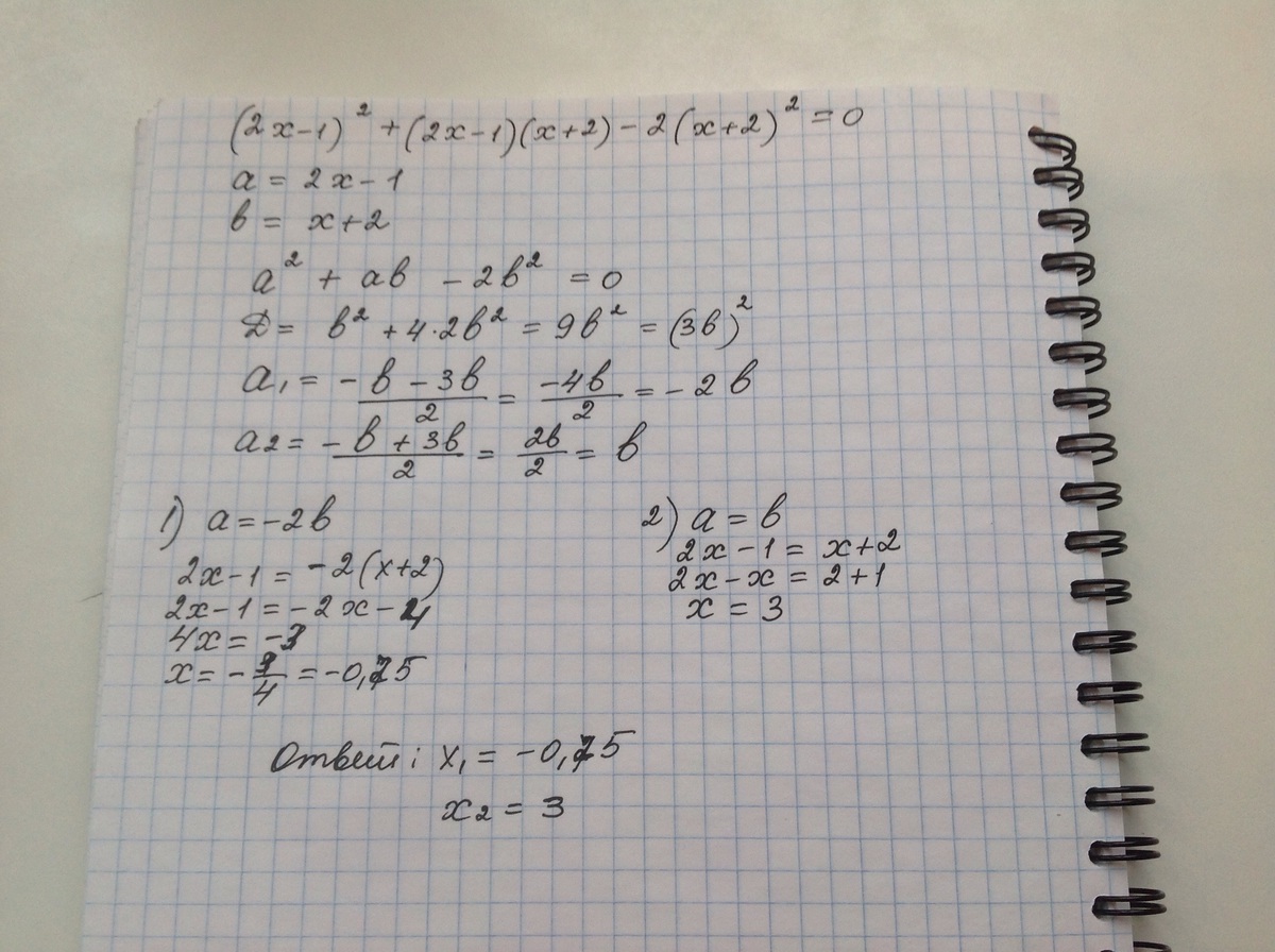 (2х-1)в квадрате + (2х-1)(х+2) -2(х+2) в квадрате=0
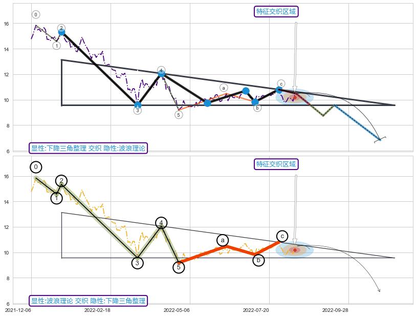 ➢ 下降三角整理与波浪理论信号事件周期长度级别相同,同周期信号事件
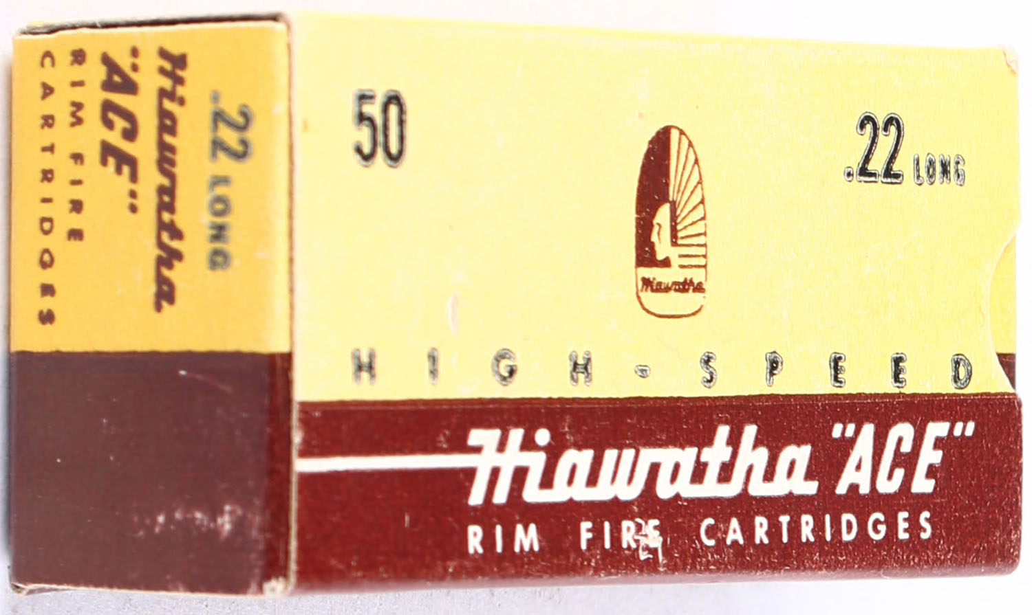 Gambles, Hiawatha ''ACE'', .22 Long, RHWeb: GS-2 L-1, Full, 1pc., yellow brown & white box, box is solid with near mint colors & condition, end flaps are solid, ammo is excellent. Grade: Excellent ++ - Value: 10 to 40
=-=-=
◆ Exercise brief
If pictures appear in the data, omit them and copy all other parts exactly.

◆ Response below
 (2х-1)в квадрате + (2х-1)(х+2) -2(х+2) в квадрате=0
 ➢ 下降三角整理与波浪理论信号事件周期长度级别相同,同周期信号事件
 Gambles, Hiawatha ''ACE'', .22 Long, RHWeb: GS-2 L-1, Full, 1pc., yellow brown & white box, box is solid with near mint colors & condition, end flaps are solid, ammo is excellent. Grade: Excellent ++ - Value: 10 to 40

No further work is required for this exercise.